# What the exercise asks
Line by line, restate the material word for word, omitting any image.
==========
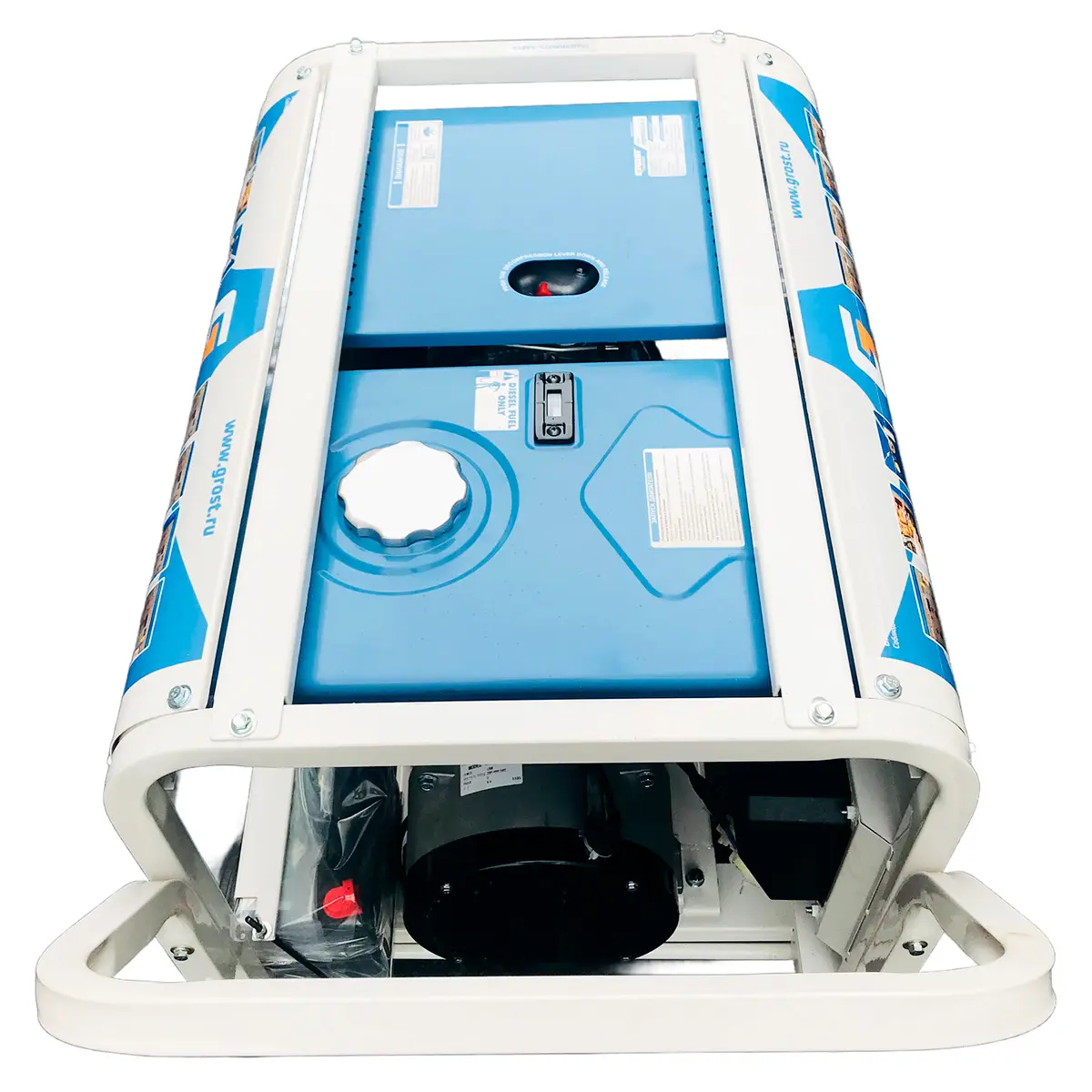 Благодаря открытой конструкции агрегата обеспечивается простой доступ к основным узлам в ходе обслуживания и ремонта. Двигатель с альтернатором размещены на дополнительном опорном основании, которое крепится к основной раме через демпфирующие подушки. Это способствует минимизации уровня вибраций генератора GROST DG9500CXE-3 в процессе работы и, соответственно, снижению шумности. Топливный бак снабжен указателем уровня, по которому можно визуально контролировать остаток горючего.
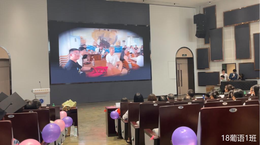 “班级展示篇”为10个毕业班四年大学时光的回顾展示及班主任、教官赠言,由毕业生代表18西班牙语中外合作班毕业生易路锦、19俄语2班黄勇健主持。
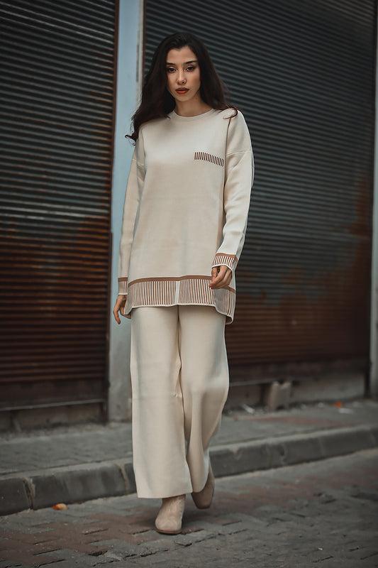 3-teiliges Damen-Trainingsanzug-Set in Ecru-Farbe
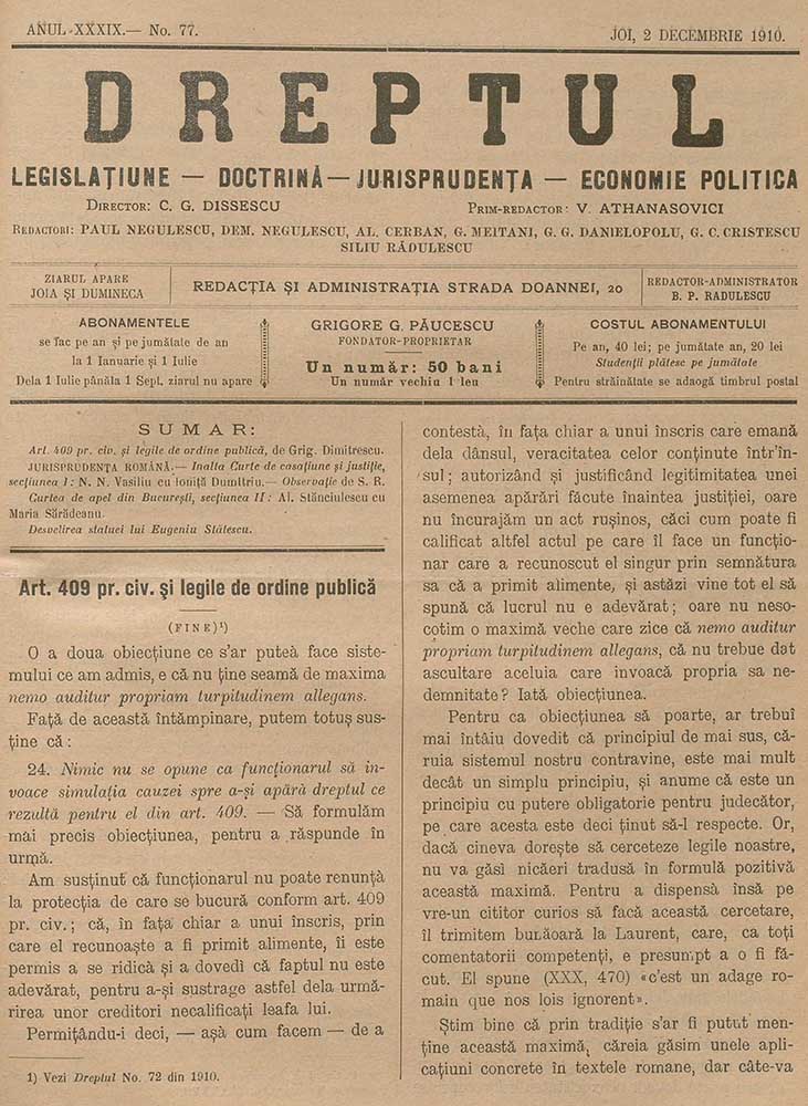 Dreptul, XXXIX, nr. în TOM: 77, 2 decembrie, 1910 Descarcă Citește × --> Anul publicației: 1910 Publicată de: Institutul de Istorie „Nicolae Iorga” București Contributori: Institutul de Istorie „Nicolae Iorga” București Tipul publicației: periodic Vezi publicația: Dreptul Domenii asociate: Drept, Științe juridice
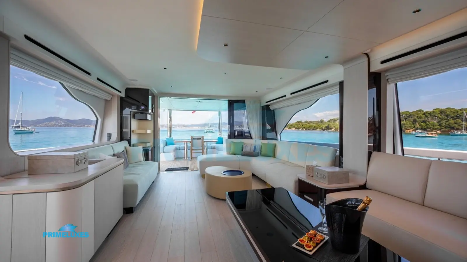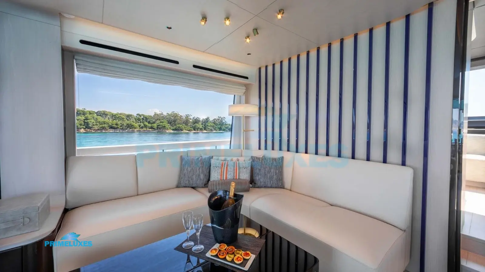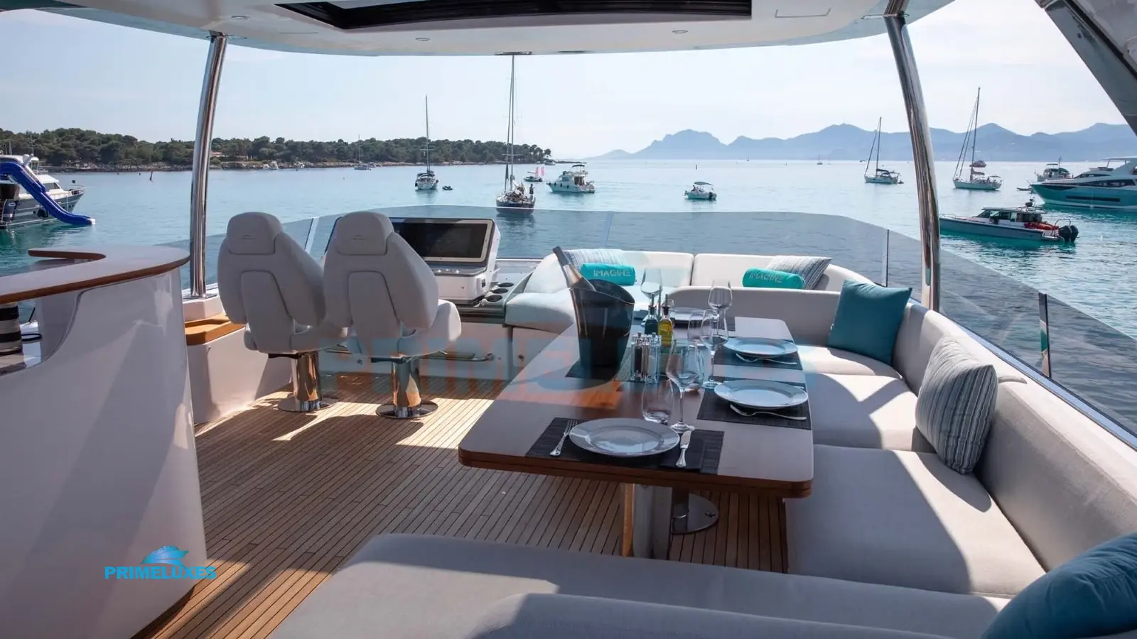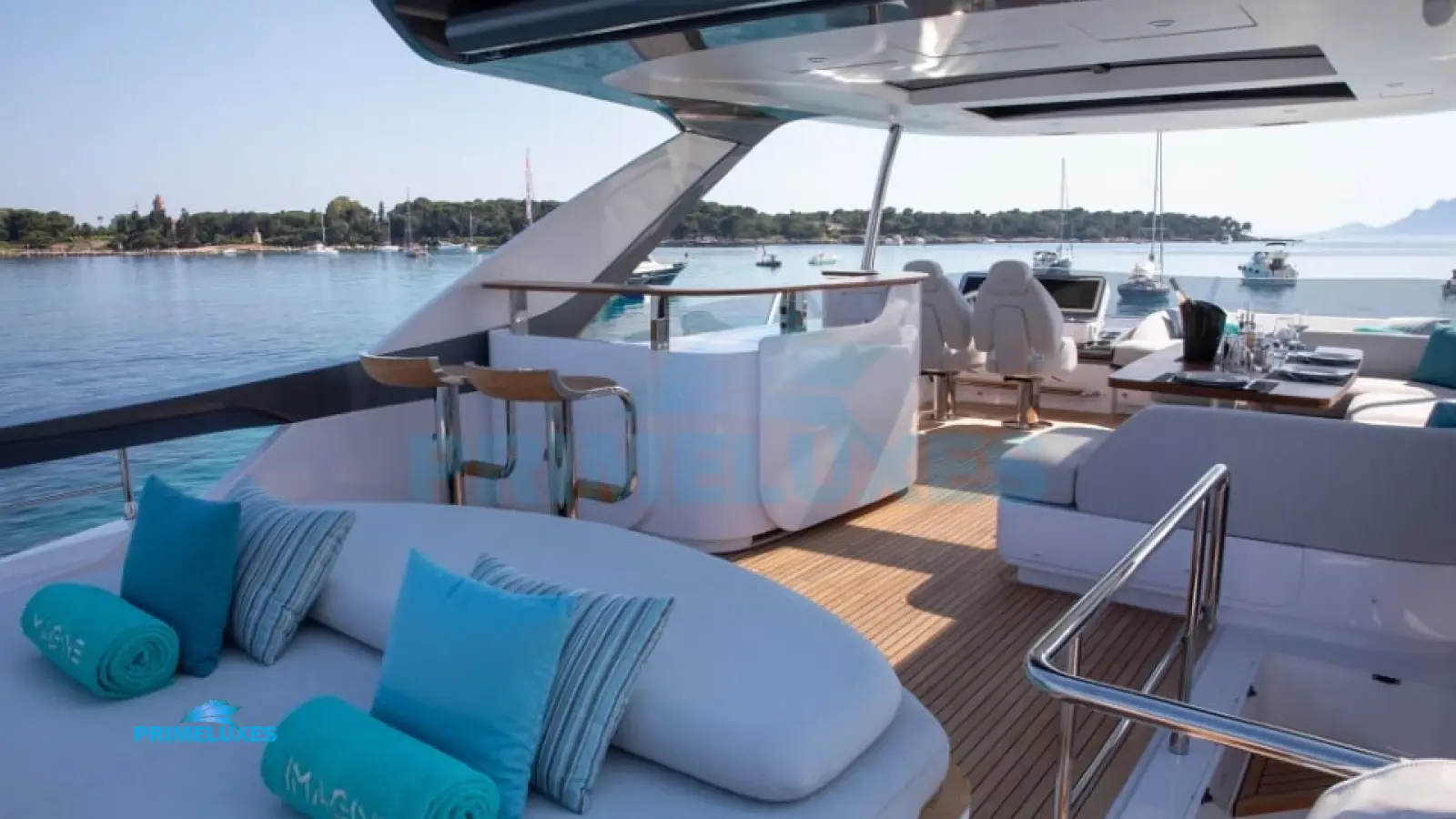Experience the pinnacle of luxury and performance aboard IMAGINE, an exquisite Azimut 78 Fly yacht available for charter with Primeluxes Yacht Charter. Designed for discerning travelers seeking elegance, comfort, and adventure, this 23.64-meter (78-foot) masterpiece combines cutting-edge design with exceptional amenities, ensuring an unforgettable voyage along the French Riviera and beyond.
==========
# Written response
 Благодаря открытой конструкции агрегата обеспечивается простой доступ к основным узлам в ходе обслуживания и ремонта. Двигатель с альтернатором размещены на дополнительном опорном основании, которое крепится к основной раме через демпфирующие подушки. Это способствует минимизации уровня вибраций генератора GROST DG9500CXE-3 в процессе работы и, соответственно, снижению шумности. Топливный бак снабжен указателем уровня, по которому можно визуально контролировать остаток горючего.
 “班级展示篇”为10个毕业班四年大学时光的回顾展示及班主任、教官赠言,由毕业生代表18西班牙语中外合作班毕业生易路锦、19俄语2班黄勇健主持。
 3-teiliges Damen-Trainingsanzug-Set in Ecru-Farbe
 Dreptul, XXXIX, nr. în TOM: 77, 2 decembrie, 1910 Descarcă Citește × --> Anul publicației: 1910 Publicată de: Institutul de Istorie „Nicolae Iorga” București Contributori: Institutul de Istorie „Nicolae Iorga” București Tipul publicației: periodic Vezi publicația: Dreptul Domenii asociate: Drept, Științe juridice
Experience the pinnacle of luxury and performance aboard IMAGINE, an exquisite Azimut 78 Fly yacht available for charter with Primeluxes Yacht Charter. Designed for discerning travelers seeking elegance, comfort, and adventure, this 23.64-meter (78-foot) masterpiece combines cutting-edge design with exceptional amenities, ensuring an unforgettable voyage along the French Riviera and beyond.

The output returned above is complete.